The city’s plan commission Monday night unanimously approved a conditional-use permit to allow first-floor apartment units at the planned Monterey Apartments complex.

The approval is the most significant use yet of the ordinance approved in 2019 that allows for first-floor residential units in the B5 central business district.

The ordinance dictates first-floor apartments in the zoning district be allowed with approval from the plan commission as long as at least 25% of the first-floor space be reserved for commercial use.

A planned 2,145-square-foot commercial space, to accommodate retail or restaurant uses, satisfies the requirement, senior planner Brian Schweigl said.

The 90-year-old, seven-story art deco building that towers over downtown’s West Milwaukee Street corridor will shed its historical identity as the Monterey Hotel and become the Monterey Apartments—with help from a $1.7 million deal from the city approved late last year.

The city council in December unanimously approved a tax-increment financing deal to help developers Cardinal Capital Management of West Allis and longtime owner Jim Grafft redevelop the decrepit building into 51 apartment units with first-floor commercial space.

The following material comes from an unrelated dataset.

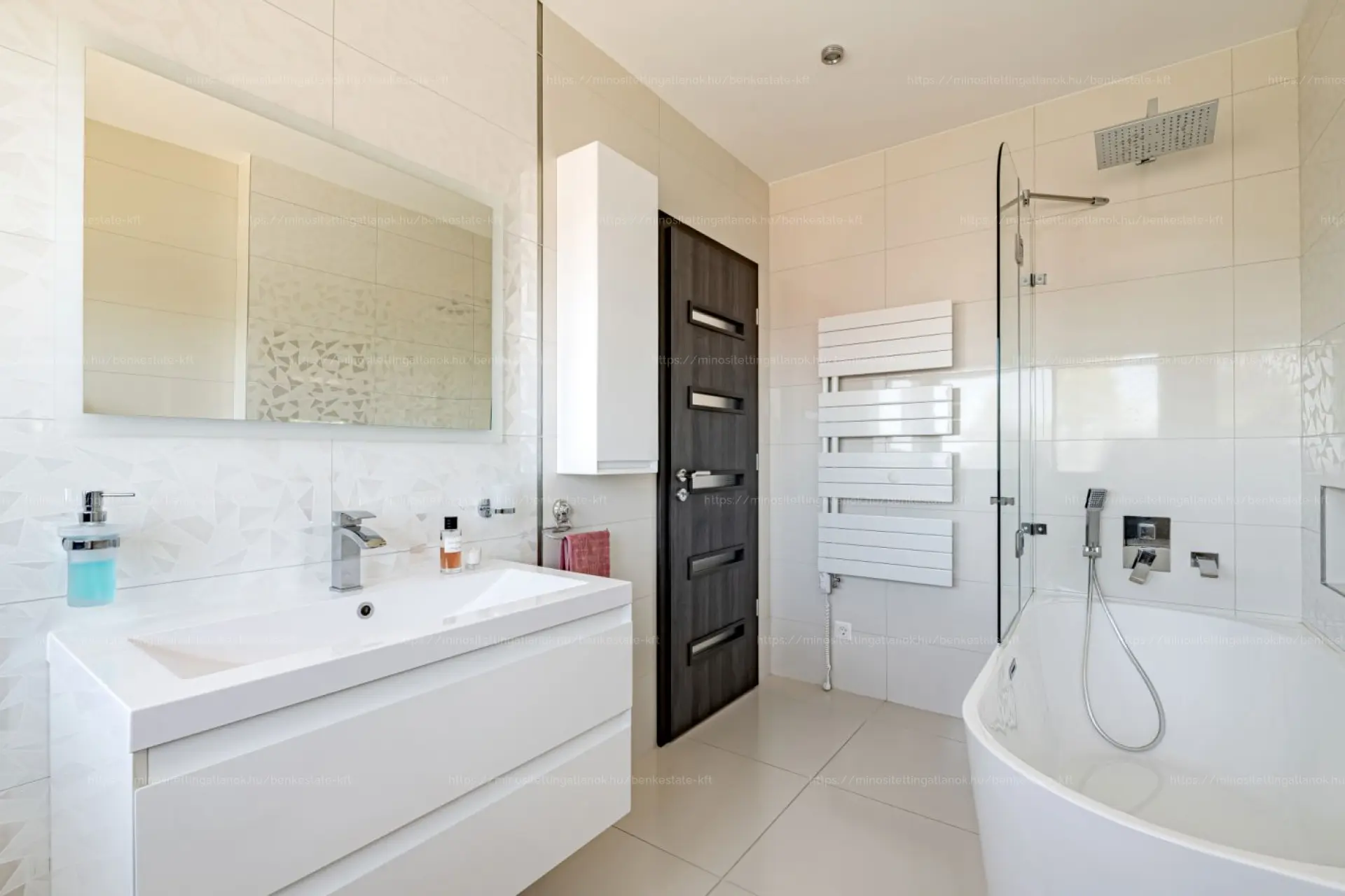 A házat kiváló referenciákkal rendelkező, nagy múltú kivitelező cég építette masszív alapokra, 44cm-es falai 5cm-es grafitos szigetelést kaptak, hőtartása kiváló, az energiatakarékos hőszivattyúval vezérelt padlófűtés és padló hűtés minden helyiségben külön-külön szabályozható, a napelemeknek hála fenntartása szinte 0 Ft.

Of the 51 units, 11 are planned to be studio apartments, 34 are planned to be one-bedroom apartments and six are planned to have two bedrooms, according to a city memo.

Four units will be located on the first floor and will not be visible from West Milwaukee Street, according to plans submitted to the city.

Two residents submitted comments for public hearing on the subject.

Mick Gilbertson said he did not agree with the city’s ordinance change to allow for first-floor apartments when it passed, but he thought this project was a good use of the ordinance change.

Angela Moore, executive director of the YWCA, said she had concerns about the privacy of the clients she works with at the Jeffris Flats on Dodge Street, directly behind the Monterey Hotel. Moore’s clients are often homeless, low-income and/or fleeing domestic violence, she said.

Schweigl said he discussed concerns with Moore, including a condition added to Monday night’s approval requiring the project have a privacy fence separating the Monterey’s parking lot and the Jeffris property.

Remediation has already begun at the former hotel, and construction is slated to begin in the coming months, likely in April, a representative from Cardinal Capital said.

The project is expected to take 10 to 11 months, ideally wrapping up in February 2022.

The building opened as a hotel in 1930. Grafft bought the property in 1996 after the building already had been deteriorating for a number of years.